TEXAS COURT OF APPEALS, THIRD DISTRICT, AT AUSTIN
NO. 03-14-00351-CV
T. J., Appellant
v.
Texas Department of Family and Protective Services, Appellee
FROM THE DISTRICT COURT OF COMAL COUNTY, 433RD JUDICIAL DISTRICT
NO. C2013-0254D, HONORABLE DIB WALDRIP, JUDGE PRESIDING
MEMORANDUM OPINION
Appellant T.J. (“Teresa”) appeals from the trial court’s order terminating her
parental rights to her three minor children: “David,” “Kelly,” and “Zoe.”1 On appeal, Teresa asserts
that the evidence is insufficient to (1) establish that a statutory ground for terminating her parental
rights exists, (2) establish that termination of her parental rights is in her children’s best interests,
and (3) overcome the presumption that a parent should be named managing conservator of her
children. We affirm the trial court’s judgment terminating Teresa’s parental rights.
BACKGROUND
Appellee Texas Department of Family and Protective Services (the Department)
became involved in this case when it learned that Teresa had been hospitalized after attempting to
1
For the sake of convenience and privacy of the parties, we refer to T.J., her children, and
the children’s family members by fictitious names. See Tex. Fam. Code § 109.002(d).
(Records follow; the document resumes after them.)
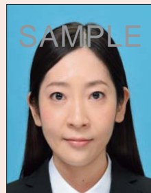
変形やマスクなどの画像処理をほどこしたもの
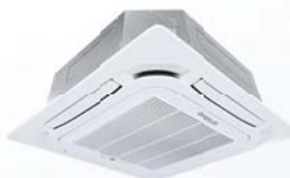
Model : CFC-32IVGX36, 40, 48, 60
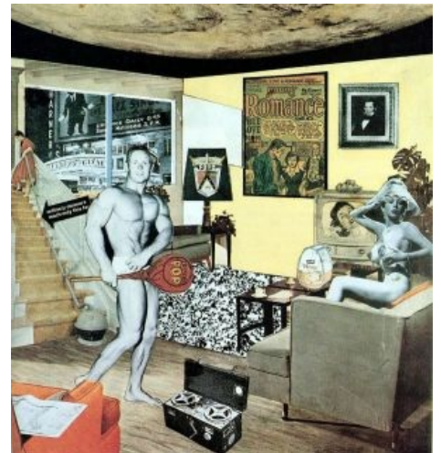
Гамильтон. Работа с очень длинным названием. Слепленные вместе вырезки из гламурных журнальчиков

«Нам нравится то искусство, где не видно искусства. »
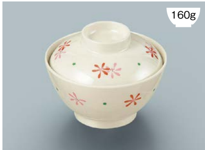
160g MB-609 HKK(花ころ) 飯椀蓋 111 × 35 ¥640 MB-608 HKK(花ころ) 飯椀 AB 120 × 64 ① 92・400ml ¥980

commit suicide. Jerusha Jennings, the Department’s lead investigator in this case, would later
testify that while Teresa was hospitalized, she went to Teresa’s home and spoke with “Brad,”
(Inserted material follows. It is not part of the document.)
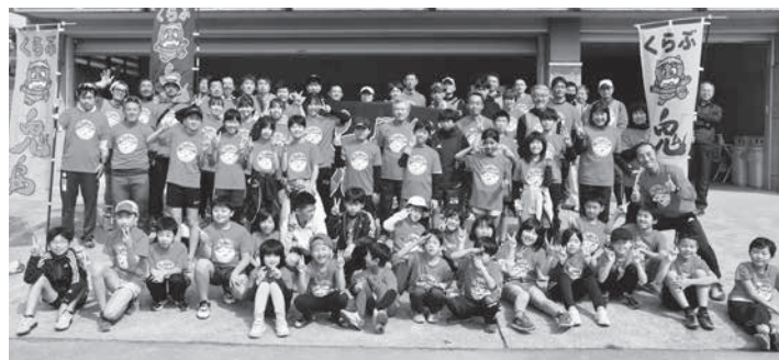
木島駅伝チームの皆さんと

子どもたちの盛り上がりや地域の活性化にも繋がると思っていますので、今回の駅伝練習に参加したことにより子どもたちが他の公民館事業、地区の行事などにも参加して木島地区が盛り上がりつつあればと思います。

Teresa’s boyfriend and the father of her children. According to Jennings, Brad confirmed that
Teresa attempted to commit suicide by overdosing on ibuprofen, and Brad expressed concern that
“she was back on drugs.” Jennings also learned that when Teresa attempted to commit suicide, she
was alone in her home with Zoe, who was two years old at the time.
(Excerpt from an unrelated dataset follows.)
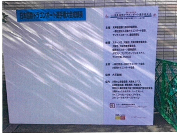
(6) シンボルマーク等の表示が確認できる資料：横断幕・看板
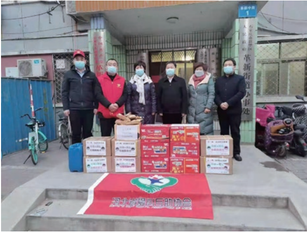
● 常宏向抗疫一線工作人員捐贈物資

Based on this initial investigation, the Department, Teresa, and Brad entered into a
“safety plan” under which Teresa could continue to live in the home and be around the children, but
Brad agreed not to leave the children alone with Teresa. A few days after the parties agreed to the
safety plan, however, Jennings returned to the couple’s home where she found Brad alone and the
electricity service disconnected. Brad admitted that he allowed Teresa to leave the house with Zoe
in violation of the safety plan. Given the parents’ inability to follow the in-home safety plan, the
Department and the parents agreed to a “parent-child safety placement,” under which all three
children were placed outside of Brad and Teresa’s home. As part of this voluntary plan, Teresa and
Brad submitted to drug tests. Brad tested negative for drugs, but Teresa tested positive.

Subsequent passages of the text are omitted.